In this experiment, eight sets of transient charge signals on the coal surfaces were collected in which the environmental noise signals were excluded. Fig 6 and Fig 7 illustrate the charge signals (ΔQ) and the loading stress (F) as functions of time for samples oriented perpendicular to and parallel to the bedding, respectively.
From Figs 6 and 7, we observe that transient charge signals are generated on the surfaces of both two groups of different coal samples during the deformation process. The charge signals are transmitted through the copper electrode at the centre of the sample and are acquired by the charge amplifier and the data acquisition system.

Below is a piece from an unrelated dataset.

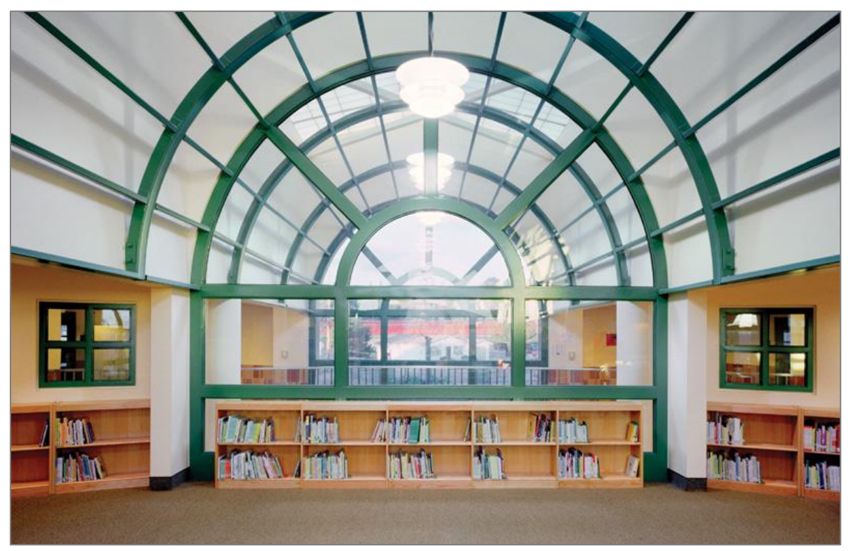
Fire rated glazing in the library at Sunset Elementary in San Ysidro CA pulls in day light.

It is evident that the generated charge signals are instantaneous and pulse during the compression process. When the loading stress reaches its peak value, the amplitude of the charge signals also reaches a maximum, followed by an alternation of positive and negative charges over a short period of time. After the coal samples break into pieces, the amplitude of the charge signal decreases at a relatively low rate and decreases to zero over time. Comparing Fig 6 and Fig 7, it can be seen that the charge signals are quite different in the samples with different cracking propagation in the loading process. However, the single pulsing signal generated in an extremely short time shows a similar trend. Fig 8 shows one transient charge signal generated in sample v-1 when the sample is ruptured completely. The amplitude of the charge signal reaches a maximum of -2000 pc instantly, followed by a rapid decrease to zero. Then, the polarity of the charge changes to positive, indicating that there are positive charge signals generated on the coal surface. However, the amplitude of the positive charge is much smaller than that of the negative charge, and the charge signals finally dissipate to an equilibrium state, as there is no more charge generation. In this paper, the complete changing process of the signal as discussed above is defined as an effective pulse, where only the charge signals with an amplitude of larger than 5 pc are regarded as valid signals for the data analysis; those signals smaller than 5 pc are ignored.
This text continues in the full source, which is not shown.